Impact of the rise in long-term bond yields on Australia and other countries
Australia has less influence than some other countries as a result of rising long-term bond yields over the past months. However, the exchange rate has not changed significantly based on trading weight. The Australian Reserve estimate suggests that the ratio of household debt payments to disposable income implies that the debt repayment burden was not as high as it was 15 years ago.
RBA members note that fixed-rate borrowers prefer to take out loans at a variable rate (which cost more) without significantly affecting their ability to repay loans. The continued rise in house prices and the increase in loan approvals over the past months indicate that financial conditions continue to improve.
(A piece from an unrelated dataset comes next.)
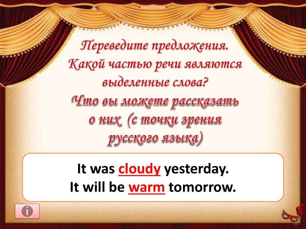 Наречия: облачно, тепло.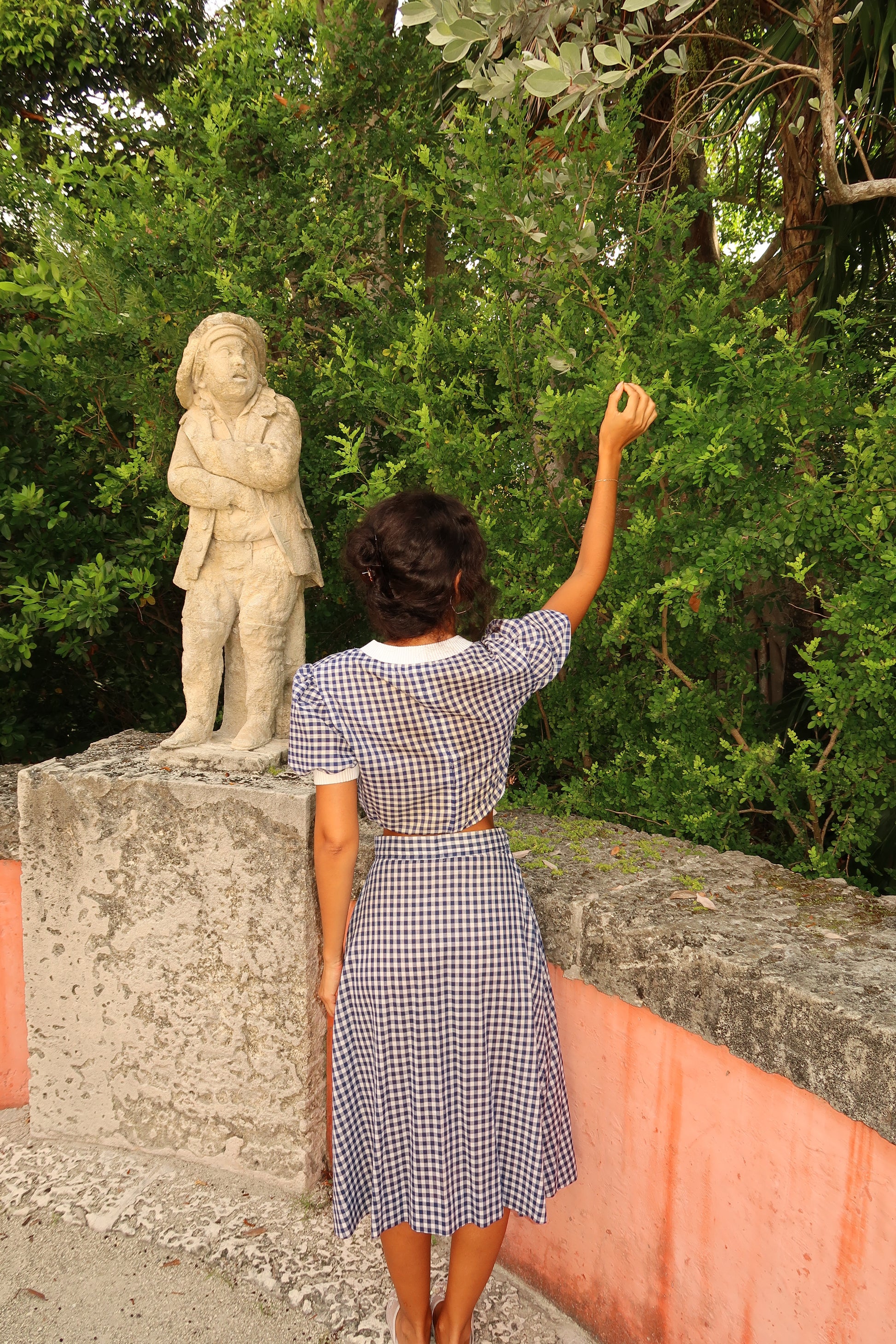 Picnic gingham Set is a two-piece set with a cropped top and a high-waisted midi skirt. Top: Puff short sleeves, deep V neckline with a contrasting white ribbed trim, giving it a sporty-meets-feminine edge.

In terms of interest policy, the Reserve of Australia has considered the option of raising the rate by an additional 25 basis points or keeping the rate flat unchanged. The Reserve of Australia has decided to raise the interest rate by an additional 25 basis points due to rising expectations of inflation, which are stronger than they were just a few months.
Core inflation exceeded expectations in the third quarter, and inflationary pressures were evident in a variety of consumer goods, especially in items where inflation takes longer to cool down, such as services. The Reserve of Australia believes inflation will take some time to return to target.
The impact of domestic demand over the past months on inflation expectations
The high elasticity of domestic demand has had an impact on inflation expectations. The Reserve of Australia expects a smaller slowdown in GDP growth and a reduction in unemployment in the future, which could add to inflationary pressures. Strong demand for goods and services may lead to an increase in prices, affecting inflation expectations.
It is important to note that inflation forecasts are not always 100% accurate and may be influenced by multiple factors. Higher prices of commodities such as oil and raw materials may lead to higher production costs and higher prices for finished products. In addition, changes in government policies, international trade, and geopolitical events may affect inflation expectations.
In general, rising long-term bond yields can have an impact on different economies. Higher bond yields may increase borrowing costs for businesses and individuals, reducing spending and investment. In the case of Australia, the RBA is closely monitoring the impact of higher bond yields on mortgages, consumption and investment.
The central bank should make its decisions based on a comprehensive assessment of the economy, current conditions and future expectations. It is important to strike a balance between maintaining financial stability and supporting economic growth. The central bank may decide to adopt various policies such as raising or lowering interest rates or implementing quantitative easing measures to affect the economy and inflation according to current conditions.